We are going to Spain via France (Dover - Calais) from mid-Sept to the end of November.
Hopefully, the weather will be OK going but I expect it will be less pleasant on the return trip in November!

We intend planning the trip to avoid altitude where possible, but in the opinion of those that have done the trip previously, is it necessary (or advisable) to carry a set of chains (which I don't have at present), and also should I leave the Generator behind or take it with me???
Finally, I want to take a spare can of Diesel with me, is this allowed on the ferries?

Thanks in advance, I'm pretty well organised, but just need to clear up a few points.


----------



## zulurita (May 9, 2005)

Hell Rob,
We are going 10th Sept but on the Shuttle.
Last year we left a few days before Christmas and had no problems driving through France. We went via Carcassone and then headed towards Perpingnan (whoops spelt it wrong but haven't the map nearby) and then into Spain. We then came back in March no problems.
This time we are heading to Northern Spain and coming back Dec. We havden't any chains but would have thought main roads would be ok. I think Jan/Feb are the worst months. I know some people got caught up in snow drifts on the motorway around Madrid in Feb.
maybe we will see you enroute.


----------



## johnsandywhite (May 9, 2005)

Hi *RobMD*. Back in January 2003. We had to return to th UK for a funeral. To cut a long story short. Our Alternator wasn't working our on-board generator wasn't working and when we arrived in France from Spain it snowed so our Solar panels were not charging either. The night we arrived at Le Belou in France it was raining. When we woke up it had snowed and covered the Solar panels. The roads over the Pyrenees where blocked for several hour's. It pays to be ready for every eventuality. But we have never used chains. :wink:


----------



## peejay (May 10, 2005)

Hi Rob,

Long time no speak,

I have no experience of travelling through to Spain but have toured in other regions where snow is a possibility. Last year whilst touring in Bavaria we started to traverse a fairly high pass, it started to snow at the base and by the time we were just over half way up there was about 2 or 3 inches of snow and all grip to the front wheels went as it did with several other vehs, we stopped and put on the chains and continued over the pass with no problems removing them when on the other side passing many stranded vehicles on the way, my point being, if you've got room for them then take 'em. 
I keep mine in the van all the time as they could also be used for getting stuck on mud etc as well, we all know how good sevels are for traction!
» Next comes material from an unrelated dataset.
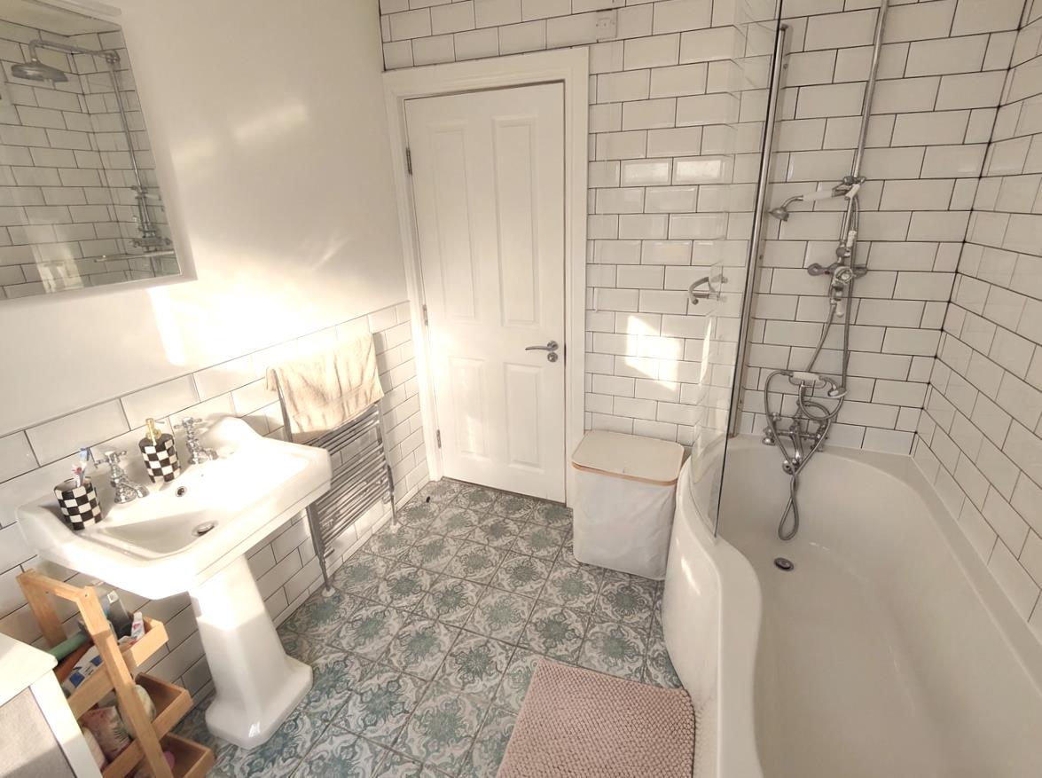 Modern white bathroom suite comprising panelled bath, shower screen, thermostatically controlled drench shower, traditional high level victorian wc, pedestal wash hand basin, feature radiator, partly tiled walls, ceramic tiled floor, recessed lighting.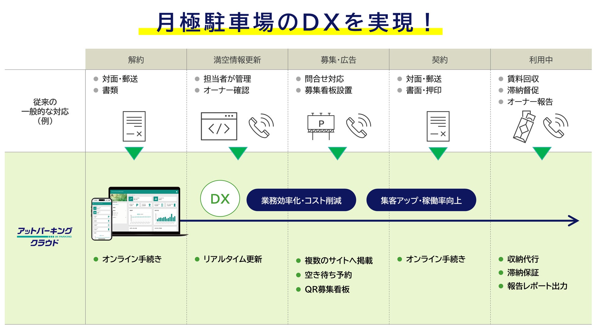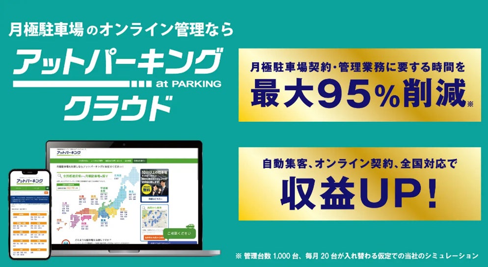 「アットパーキングクラウド」は、月極駐車場の管理業務を最大95%(※)削減し、高い集客力で稼働率を向上させる不動産会社向けの月極駐車場オンライン管理支援サービスです。

You are not allowed to carry fuel cans on ferries, regardless of whether they are full or empty, I've never been checked before though, so read what you will into that :wink: 

Have a great adventure.

pete.


----------



## RobMD (May 9, 2005)

Evening All !

Rita, 
We'll keep a look out for you en-route - and hope the weather is OK for the duration of the trip.
We tried for the Shuttle, but too expensive (£170 when we tried), and the Ferry crossing is only 90 mins, Dylan will be OK for that length of time and will probably sleep for all or most of it..

Johnsandywhite,
What did you do to upset the Gods - you must have a good sense of humour to have survived it without becoming a seething wreck (and all without chains!!!).

Peejay,
Yep - long time no speak! You certainly get around a lot in your Nuevo, are you still pleased with it? Ours is running well at present, at times I would like a bit of extra room - but it's so manoeverable it makes up for it in convenience.
I thought of buying chains mainly to assist in muddy situations in the UK, having had problems in the past on wet grass and soft ground (but so far not totally stuck!!)


----------